What are the main points discussed in the chapter summaries?
The introduction highlights the crucial role of equity financing amidst increased global competition and stricter lending regulations. The chapter on general aspects of equity financing delves into the fundamental aspects of securing sufficient funds for company growth, emphasizing the long-term nature of equity capital and its importance in maintaining a healthy capital structure. The chapter summaries provide concise overviews of each section's key findings and arguments.
What keywords are associated with this document?
Keywords include equity financing, external financing, internal financing, venture capital, private equity, going public, self-financing, retained earnings, depreciation, amortization, factoring, capital structure, leverage effect, Basel II, globalization, competition, liquidity, valuation, and risk management.

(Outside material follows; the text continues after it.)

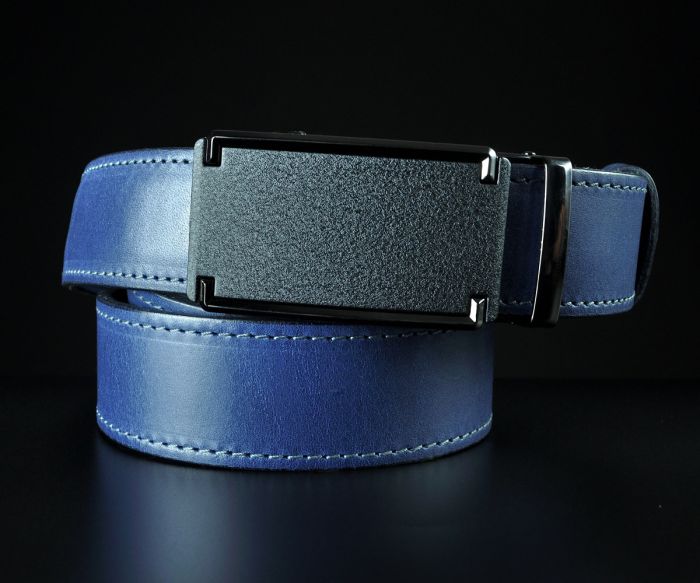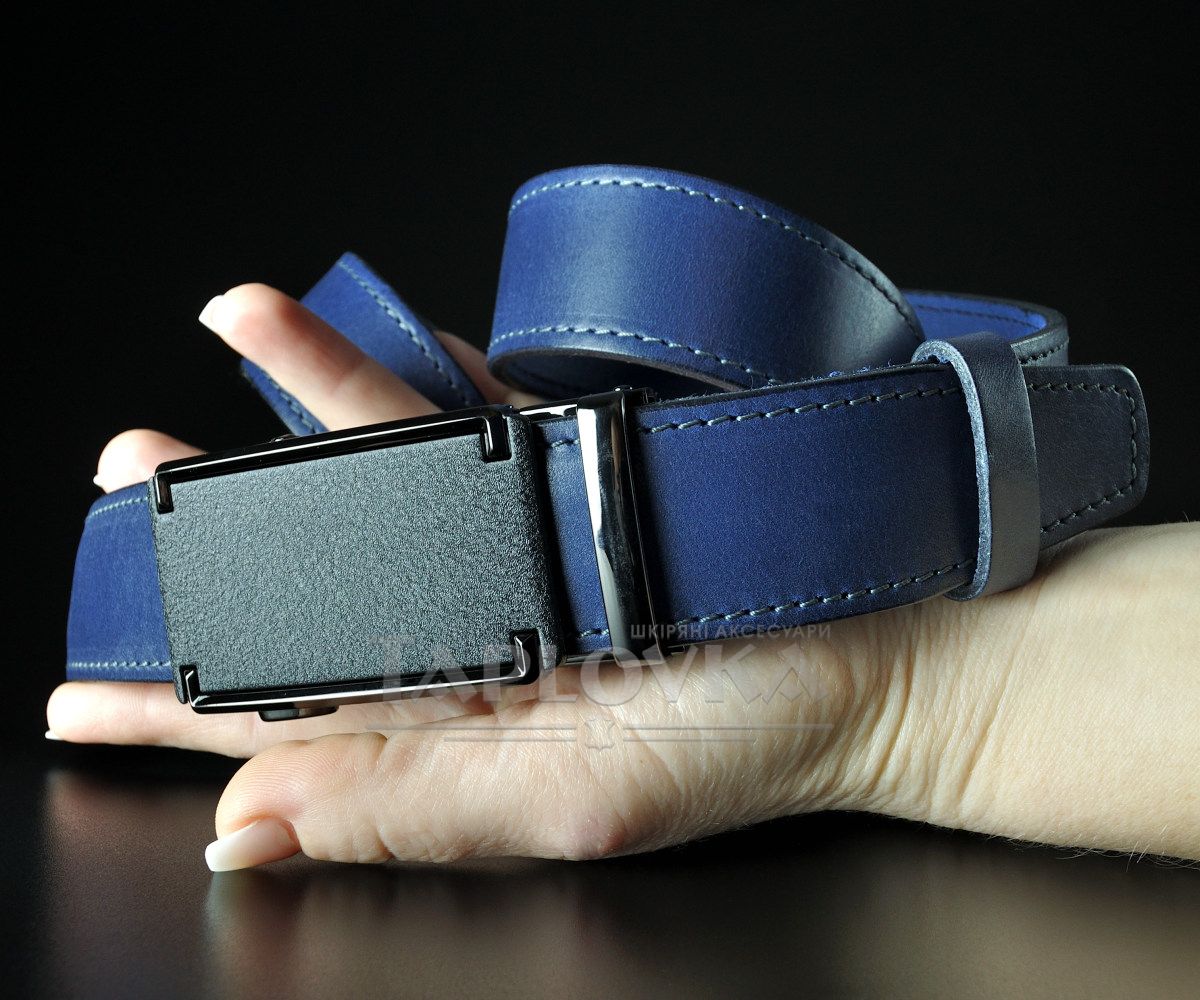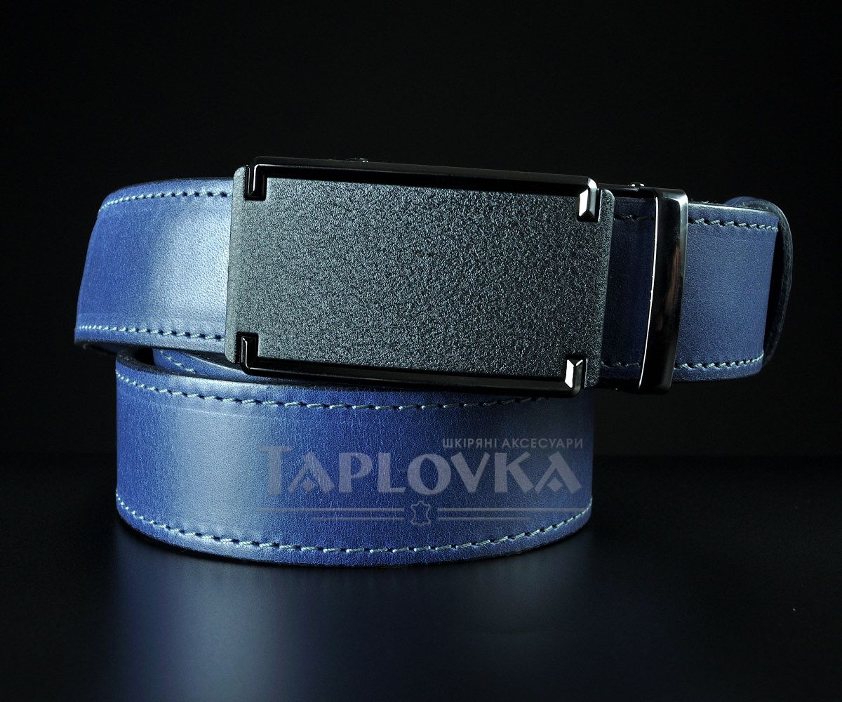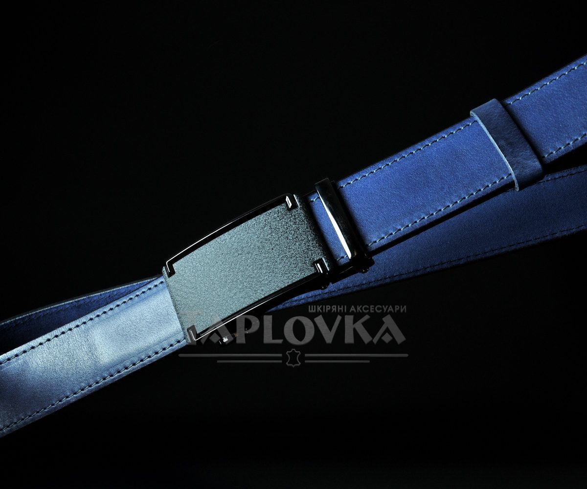 Чоловічий синій ремінь SFIP автомат прошитий, лаконічна матова пряжка (3,5 см)
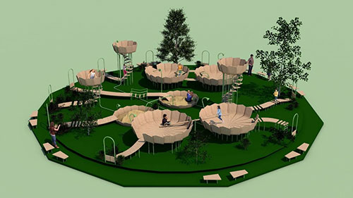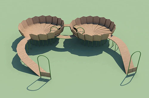 柏林的設(shè)計(jì)師 Martin BinderClaudio Rimmele設(shè)計(jì)了一個(gè)無感染的概念運(yùn)動(dòng)場,孩子們可以在病毒肆虐期間不受影響地玩耍。

What is the significance of Basel II in the context of this document?
Basel II, referring to the Basel Accords II, is mentioned as a factor influencing the increased importance of equity financing. The stricter lending regulations introduced by Basel II have made securing bank loans more challenging, making equity financing a more attractive alternative for companies.
What types of equity financing are discussed?
The document discusses both internal and external financing options. External financing includes private equity, venture capital, going public, business angels, trade sales, tracking stocks, management buy-outs, industrial obligations/convertible bonds, and state financing. Internal financing includes retained earnings, self-financing (including open self-financing, financing through hidden reserves, and financing through accruals), financing from depreciation and amortization, and factoring.
How is the valuation of equity financing instruments addressed?
The document addresses the valuation of various equity financing instruments, although specific valuation methodologies are not detailed. It indicates that the valuation aspect is considered separately for both external and internal financing methods.
What are the current trends and future forecasts regarding equity financing?
The document mentions current trends and future forecasts regarding equity financing, though specific predictions are not explicitly stated. It suggests that the importance of equity financing will likely continue to grow due to ongoing global competition and regulatory changes.